Phillip Dampier March 16, 2011 Online Video, Video, Wireless Broadband 1 Comment

Time Warner Cable’s new free iPad application, giving authenticated cable customers a selection of live cable channels to watch on the portable device, crashed under heavy demand last evening, hours after the company unveiled it in a mass e-mail campaign to customers.

Time Warner Cable TV for iPad is Time Warner’s first serious effort at delivering a cable TV experience to an online audience, initially streaming 31 cable channels in HD to customers who pay for both cable television and broadband from the company.

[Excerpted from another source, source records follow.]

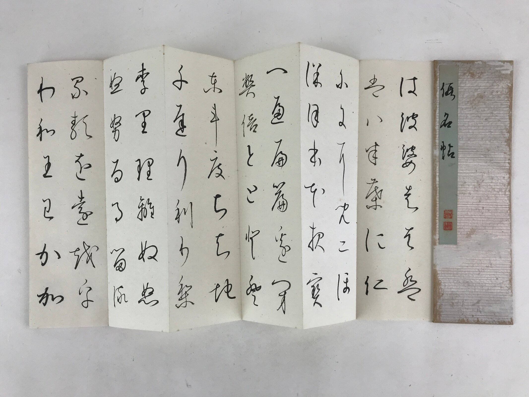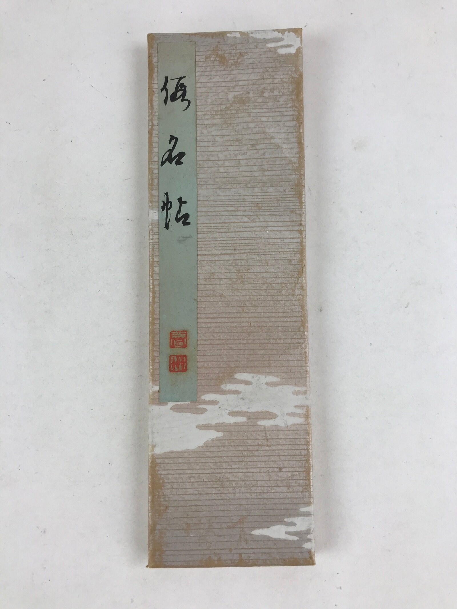 This is a vintage Japanese Buddhist sutra book. This sutra was published in 1970. There’s a signature of the artist with red seals. The front and back covers are white and green paper.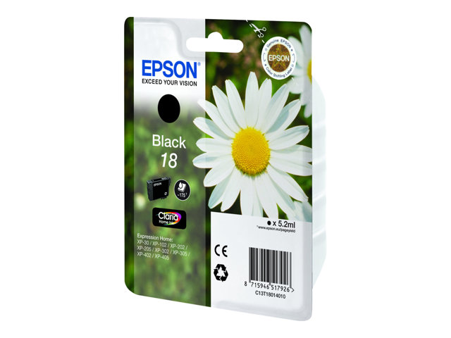 Epson 18 - 5.2 ml - svart - original - bläckpatron - för Expression Home XP-212, 215, 225, 312, 315, 322, 325, 412, 415, 422, 425 C13T18014010
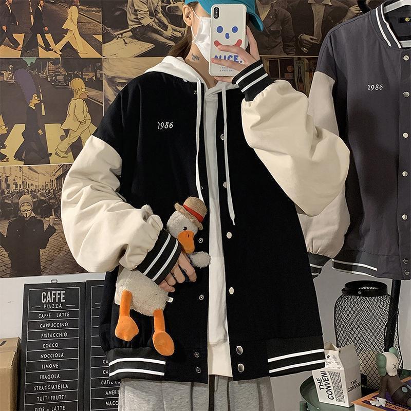 봄 패션 브랜드 코트 여성 복고풍 홍콩 스타일 캐주얼 스포츠 대비 컬러 야구 유니폼 탑 2021 새로운 느슨한 재킷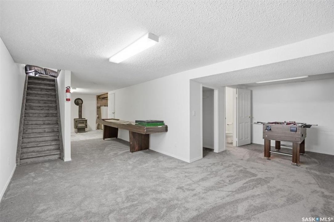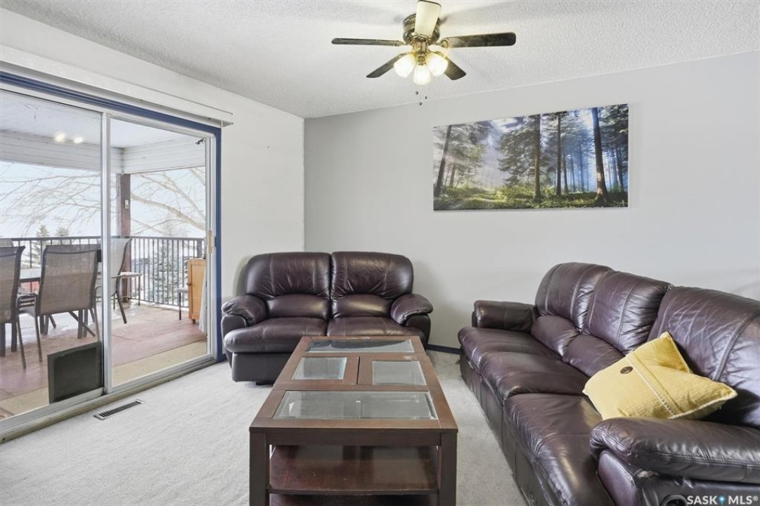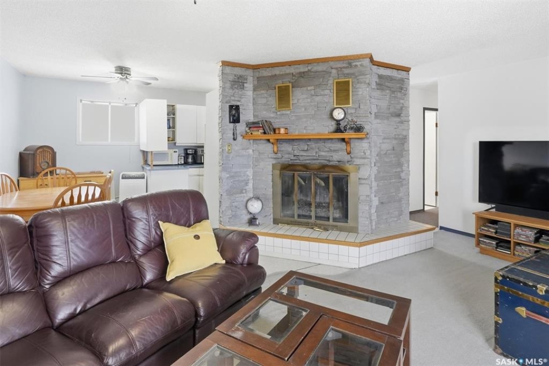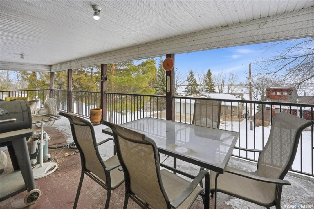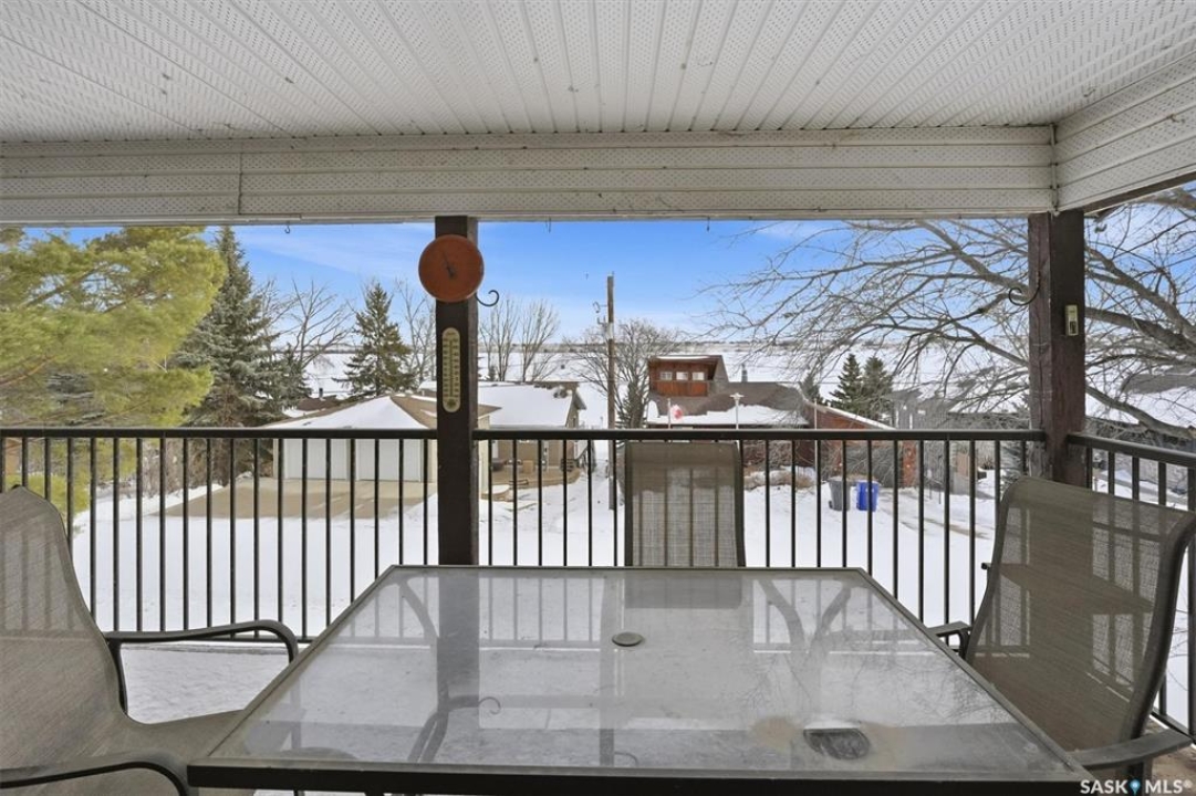This lovely walkout bungalow is located in the charming Resort Village of Shields at Blackstrap. This beautiful four-season home offers stunning lake views from its spacious 36' x 11' covered balcony, complete with updated railing — the perfect spot to relax or entertain. Inside, the main level features three comfortable bedrooms and a full four-piece bathroom. The cozy living room boasts a wood-burning fireplace and patio doors leading out to the deck, creating a warm and inviting atmosphere. The galley-style kitchen offers ample cabinetry and includes all appliances for your convenience. The lower level features a walkout with double doors to a covered patio, brand new carpet in the rec room, and an updated two-piece bathroom with a shower rough-in for future completion. The large utility room/laundry room has tons of room for additional storage. Recent upgrades include a new furnace (2025) and hot water heater (2023), making this home move-in ready and efficiently updated. Please note: the wood stove in the lower level is not included.

Several of the featured networks were part of earlier contract battles with the cable company. Scripps-Howard’s Food Network and HGTV are there, as is Fox’s FX and Fox News.  Some smaller “less-connected” networks like Hallmark Channel also made the cut.  Comcast-NBC’s networks also have a prominent place, including Bravo and CNBC.  All four major cable news channels are included.  Time Warner has been making a point to negotiate for on-demand and streaming rights with cable networks as part of contract negotiations.

Channel Lineup

A&E
ABC Family AMC
Animal Planet
BET
Bravo
CMT
CNBC
CNN
Comedy Central
Discovery
Disney Channel
E!
Food Network
Fox News
FX
Galavision
Hallmark Channel
HGTV
History
HLN
Lifetime Movie Network
MSNBC
MTV HD
National Geographic
Nick
Spike
SyFy
TLC
Travel Channel
USA
VH1

Requirements

  • iPad™ with iOS 4.
  • Time Warner Cable video package at the Standard (Expanded Basic) level or higher.
  • Time Warner Cable Internet Service (Road Runner® Standard or higher recommended for best experience. EarthLink® High Speed or EarthLink® Cable Max is also supported).

[flv width=”416″ height=”254″]http://www.phillipdampier.com/video/TV for iPad Time Warner Cable Ad.flv[/flv]

Time Warner Cable advertises its new iPad app for online viewing.  (15 seconds)

Time Warner Cable's new app for the iPad delivers 31 channels of live cable network viewing for free -if- you are a cable subscriber willing to watch from home.

Plenty of channels are missing though, including local broadcasters, Turner Broadcasting-owned networks like TNT and Turner Classic Movies, and sports networks.

But the most obvious limitation is that the service only works from inside of your own home, over a Time Warner Wi-Fi broadband connection.  You cannot take your viewing on-the-go.  This limitation seemed curious, considering other companies provide similar online viewing apps that can be used anywhere a wireless connection exists. 

Despite the limits, AdWeek reports several unnamed cable networks fired off warning shots yesterday to Time Warner Cable executives warning them they were streaming networks without permission.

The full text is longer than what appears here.